As part of my MFA program, I’m taking a class on monsters in the horror genre. I read 30 Days of Night, a graphic novel by Steve Niles and illustrated by Ben Templesmith, as an assignment for that class. The below blog post may contain spoilers.
I appreciated both the concept and the artwork in this book. The execution of the concept was unimpressive, in my opinion, but the concept and artwork made up for that. Generally, 30 Days of Night is about an Alaskan town invaded by vampires during a period of thirty days of darkness. As a concept, this is genius. Vampires and a town that gets a month of darkness—these are two things that fit so perfectly together that they feel like they were made for each other.
The artwork fits the book’s dark theme.
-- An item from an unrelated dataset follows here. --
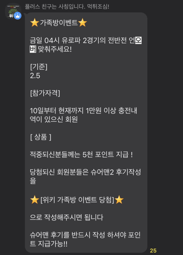 오늘 새벽 유로파 가족방 이벤트입니다~ 내용 보시면 아시겠지만 재밌지않나요 ? ㅎㅎ 이런 이벤트를 엄청 자주하니 저희 입장에서는 그저 좋네요~ 소소한 행복이라고나 할까요? 가족방을 뒤늦게 참여했는데 좀 일찍 참여할까 하고 후회도 했네요 ㅋ 다들 시간 나시면 가족방 한번씩 놀라와보세요 신세계를 경험하실겁니다!

I’m not an art critic, so I don’t have the right words to describe how the art is executed. But it has an impressionistic feel to it. For the most part, humans, vampires, and objects and scenery are recognizable. But there are occasional panels where blood and death are clear, but the precise manner of death remains unclear. As a result, the artwork evokes darkness and death while retaining a note of mystery. And, as we’ve discussed numerous times throughout this course, mystery and the unknown can increase a sense of horror.
In short, I love the art in this graphic novel. My only issue with it is that occasionally, given its impressionistic style, characters can become indistinguishable from one another. But this was rare; it happened maybe twice for me throughout the entire store. But those times were a big distraction, pulling me out of the story.
Now, I’ll talk about the execution of the plot and writing, with which I was much less thrilled. The story is straight forward and lacking in grace or complexity. The vampires come and they feed, and they are eventually defeated. Typical.
Somehow, the vampires managed to steal all mobile phones and shut down all electricity to make it difficult for the townspeople to get outside help. This is a good idea in theory; after all, given modern technology, the vampires had to something to isolate their victims. But as a practical matter, this doesn’t work. It’s unclear how they actually managed to snatch every mobile phone in town. They’d need a ton of help in advance of their arrival, and as far as I could tell, there was only a single vampire in town prior to the invasion.
Speaking of that single vampire, what was the deal with that guy? I’m referring to the vampire arrested for causing a disturbance in the local diner. He was definitely a vampire, because he eventually bent the prison bars, and he had those funky speech bubbles in that artwork that all the vamps have. I’m assuming he went to jail quietly because he didn’t want to go public with his vampirism until his buddies arrived for the massacre. Maybe he just arrived a little early and had to cool his heels until the main event.
But that doesn’t explain why he died so easily. A bullet to the head did him in. Later, the sheriff and his wife wonder why that vampire died so easily. I wonder the same, especially given that at least two other vampires took headshots—one with a shotgun—and barely blinked as a result. As the sheriff stated, “We’ve got to take his head off.” (Niles, Steve, and Ben Templesmith. 30 Days of Night. San Diego, CA: IDW, 2008. Kindle file.) So basically, the whole existence and death of the first vampire encountered is never resolved.
My last major objection to the story has to do with the woman and her son in New Orleans. I want to know how they got involved with the vampires. Without an explanation, their existence looks like a plot device contrived to give the vampires something on which to blame the fire they plan to use to destroy the town.
Even if I accept that these New Orleans people interested, I still refuse to accept how they discover the vampires are going to Barrow, Alaska. According to the son, “I’ve b … been monitoring the mail networks based on the names and locations you specified.” This line baffles the computer scientist in me. I’ll accept that he can monitor the accounts of particular individuals. But monitoring the mail networks based on locations would mean scanning mail, regardless of sender and recipient, to determine when certain locations are mentioned. This is an insanely huge task, and from the way it’s tossed out so casually, I don’t think the writer understands that. This reminds of those moments in cop shows where they blow up digital images and then sharpen them to magically see everything clearly. Computers don’t work like that.
In summary, I loved the concept and artwork but found the story lacking in many respects. I wonder whether any of my issues with are addressed in the sequels. But if so, it doesn’t cure my issues with the first book, which needs to be able to stand on its own.